What you will do:
To complete this task, print all the data below exactly but leave out the images.

Stored data:
Segment Open
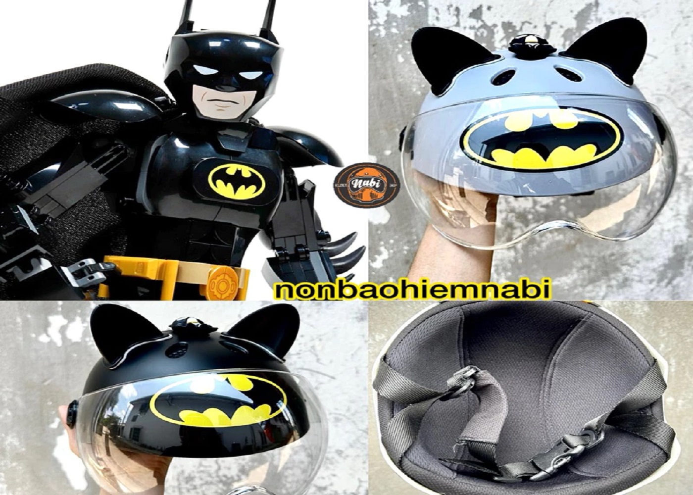 Mũ bảo hiểm siêu nhân Batman siêu ngầu dễ thương cho bé iu, mũ bảo hiểm nữa đầu Batman có kính bảo vệ bé iu an toàn. 2 màu xám cam.
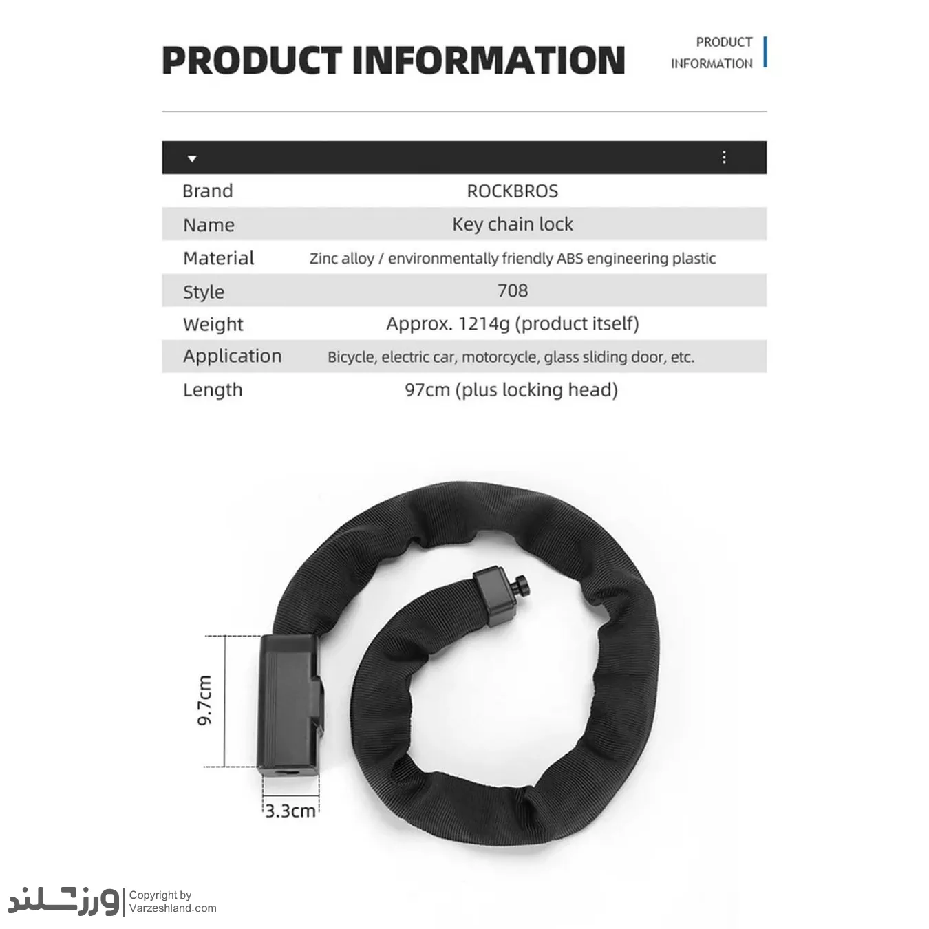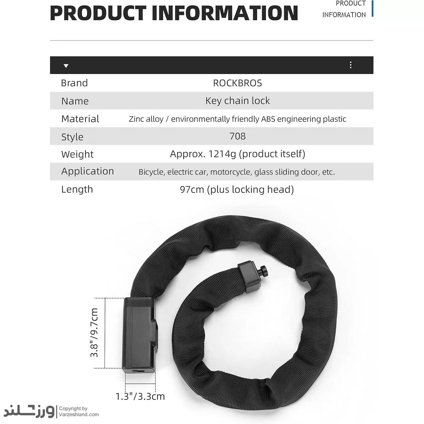 📌 نام محصول: RockBros Bicycle Chain Lock (قفل زنجیری ضد برش راک براس کد 2066)
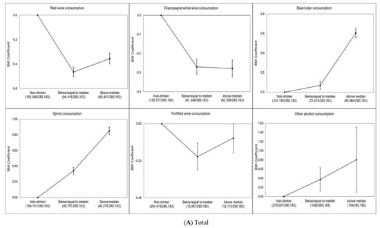 Previous cohort studies also found similar findings regarding the association between the consumption of different types of alcoholic drinks and BMI [,,]. In a previous study of Sayon-Orea et al., beer and spirits consumption (≥7 drinks/week) was associated with a 119 g/year higher average yearly weight gain, whereas no association was found between wine consumption and overweight/obesity []. Two large-scale American cohorts, namely the Nurses’ Health Study (n = 121,700) and Health Professionals Follow Up Study (n = 51,529) [], also found positive associations between BMI and the consumption of spirits. In addition to having a higher BMI, a direct association was found between waist circumference and high consumption of beer and spirits, while the inverse association was found between wine consumption and waist circumference in the prospective Copenhagen City Heart Study []. In a cross-sectional English study (n = 8864), beer and spirit consumption significantly increased the odds of obesity relative to wine consumption []. In contrast to these studies, irrespective of the type of drink, positive associations between alcohol consumption and general adiposity (BMI and body fat percentage) and to a greater extent, central adiposity (waist to hip ratio and waist circumference) has also been shown [].
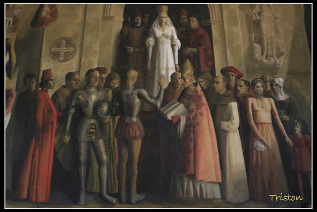 進入另一歷史場景,西元1474年12月13 日,伊莎貝拉公主的哥哥恩里克四世Enrique IV de Castilla去世,伊莎貝拉公主在這個主廣場自立為卡斯提爾女王,在塞維亞阿拉伯王宮(阿卡乍堡位置)接受加冕。然後和自己的十五歲的姪女胡安娜和她的舅舅(也是胡安娜的老公)葡萄牙國王阿方索五世(亂了吧?)打王位繼承戰,在圖合之戰戰勝,也確保了伊莎貝拉的王權。
Segment Closed
Solution for this task:
 Mũ bảo hiểm siêu nhân Batman siêu ngầu dễ thương cho bé iu, mũ bảo hiểm nữa đầu Batman có kính bảo vệ bé iu an toàn. 2 màu xám cam.
 📌 نام محصول: RockBros Bicycle Chain Lock (قفل زنجیری ضد برش راک براس کد 2066)
 Previous cohort studies also found similar findings regarding the association between the consumption of different types of alcoholic drinks and BMI [,,]. In a previous study of Sayon-Orea et al., beer and spirits consumption (≥7 drinks/week) was associated with a 119 g/year higher average yearly weight gain, whereas no association was found between wine consumption and overweight/obesity []. Two large-scale American cohorts, namely the Nurses’ Health Study (n = 121,700) and Health Professionals Follow Up Study (n = 51,529) [], also found positive associations between BMI and the consumption of spirits. In addition to having a higher BMI, a direct association was found between waist circumference and high consumption of beer and spirits, while the inverse association was found between wine consumption and waist circumference in the prospective Copenhagen City Heart Study []. In a cross-sectional English study (n = 8864), beer and spirit consumption significantly increased the odds of obesity relative to wine consumption []. In contrast to these studies, irrespective of the type of drink, positive associations between alcohol consumption and general adiposity (BMI and body fat percentage) and to a greater extent, central adiposity (waist to hip ratio and waist circumference) has also been shown [].
 進入另一歷史場景,西元1474年12月13 日,伊莎貝拉公主的哥哥恩里克四世Enrique IV de Castilla去世,伊莎貝拉公主在這個主廣場自立為卡斯提爾女王,在塞維亞阿拉伯王宮(阿卡乍堡位置)接受加冕。然後和自己的十五歲的姪女胡安娜和她的舅舅(也是胡安娜的老公)葡萄牙國王阿方索五世(亂了吧?)打王位繼承戰,在圖合之戰戰勝,也確保了伊莎貝拉的王權。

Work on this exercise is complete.